Multiomics for the identification of genetic predictors of survival in patients with sepsis

Details

Acronym: m-{omics}SEP

Partners:

• Unidad de Investigación del Hospital Universitario Ntra. Sra. de Candelaria
• Instituto Tecnológico y de Energías Renovables (ITER) – project’s coordinator

Duration: 2018-2020 (3 years)

Budget: 99.200,00 €

Financing:
Strategic Action in Health 2013-2016
State Program for Research Oriented to the Challenges of Society
State Plan for Scientific and Technical Research and Innovation 2013-2016
Instituto de Salud Carlos III
Ministry of Economy, Industry and Competitiveness (MINECO)

Overview of the project

This project, led by the University Hospital Nuestra Señora de Candelaria affiliated with the Biomedical Research Networking Center for Respiratory Diseases (CIBERES), through the Canary Islands Foundation for Health Research (FUNCANIS), in collaboration with other academic and healthcare institutions (University of Valencia; University Hospital La Paz, Madrid; University Hospital Río Hortega, Valladolid), aims to identify genetic factors of survival in sepsis and characterize early lung dysbiosis associated with the risk of death.

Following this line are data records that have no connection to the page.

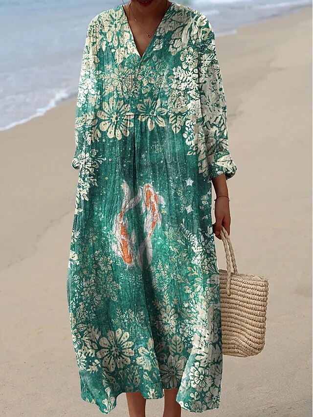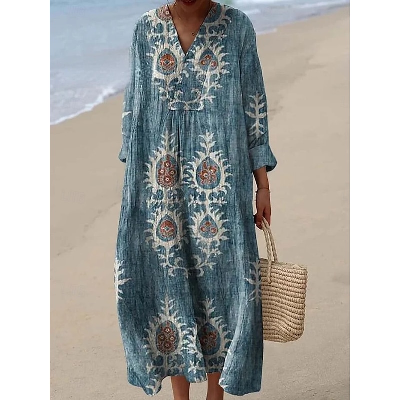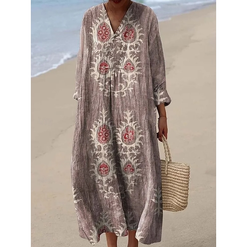 trending ! Women's Midi Dress V Neck Long Sleeve Kaftan Lightweight Loose Fit A Line Dress Casual Boho Going out Floral Graphic Long Sleeve V Neck claret Red Blue Light Purple Fall
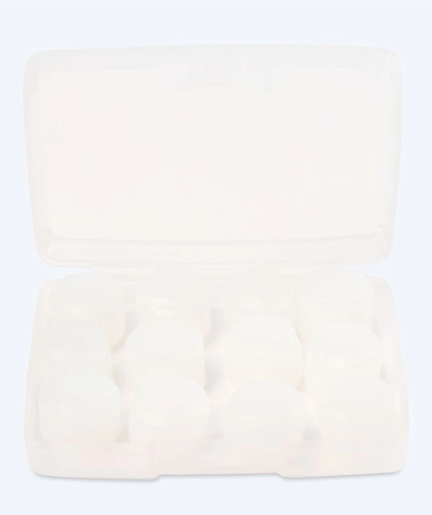 Formbare og vanntette ørepropper for voksne i klar silikon som enkelt kan moduleres etter ørenes konturer, som effektivt holder vann ute og beskytter mot svømmerens øre. Ekstremt behagelig å bruke over lengre tid, da de ikke sitter inne i selve øregangen og forårsaker irritasjon. Derfor egner de seg både til seriøs svømmetrening, vannsport eller bading på ferie.
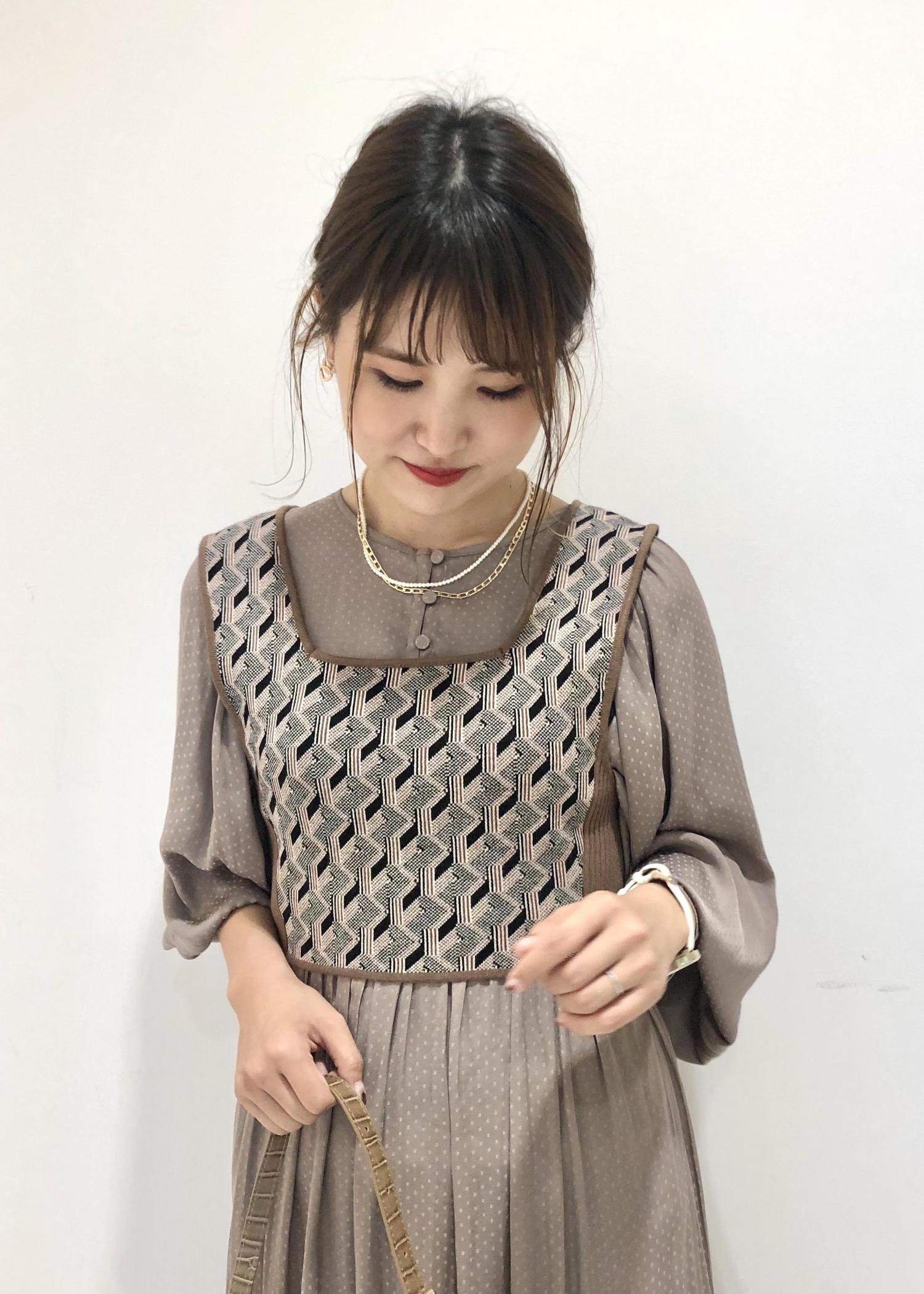 1枚でも様になるボリューム袖のワンピースですが、 ビスチェと合わせる事でぐっとお洒落な印象に。 周りと差をつけたい、そんな女子会などのシーンにオススメのコーディネートです。
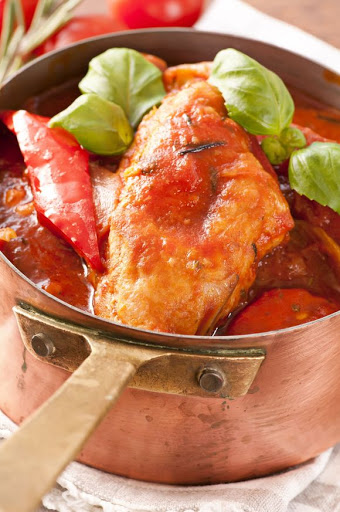 Transfer the chicken to a plate and set aside. Add the bell pepper, onion and garlic to the same pan and saute over medium heat until the onion is tender, about 5 minutes. Season with salt and pepper. Add the wine and simmer until reduced by half, about 3 minutes. Add the tomatoes with their juice, broth, capers and oregano. Return the chicken pieces to the pan and turn them to coat in the sauce. Bring the sauce to a simmer. Continue simmering over medium-low heat until the chicken is just cooked through, about 30 minutes for the breast pieces, and 20 minutes for the thighs.

The collaboration of ITER in this project will facilitate the first genomic survival association study of sepsis in Spain by analyzing more than 8 million genetic variants in DNA samples from diagnosed adult patients. These data will also be used to validate the relationship between mitochondrial DNA copy number in blood and survival. The scientific-technical team from ITER’s Genomics area collaborates in this initiative using high-throughput massive sequencing methods, enabling the analysis of sepsis patient exomes for potential causal genes for the first time. The project will also delve into the characterization of early lung dysbiosis and its prognostic value in these patients.

The results of this project will identify essential genetic survival factors to understand sepsis pathophysiology, propose therapeutic targets, and improve the prediction of risk of death in these patients.

In addition to the disease team, ITER participates as a collaborator with various national institutions, including the aforementioned University Hospital Nuestra Señora de Candelaria, the University of Valencia, University Hospital La Paz (Madrid), and University Hospital Río Hortega (Valladolid), in a project funded under the 2017 Strategic Action in Health of the Carlos III Health Institute. This project aims to identify genetic factors involved in sepsis survival from a multiomic perspective, including exome sequencing and characterization of early changes in the pulmonary microbiome associated with the risk of death from this disease. This collaboration adds to the existing collaboration in the field of respiratory diseases to decipher the genetic causes of the development and progression of idiopathic pulmonary fibrosis.

Objective

.Sepsis remains a leading cause of mortality in Intensive Care Units. Its treatment lacks targeted therapies, and the usual alternatives for risk stratification are not standardized, resulting in an inability to predict patient mortality risk accurately, thus preventing reductions in mortality rates.”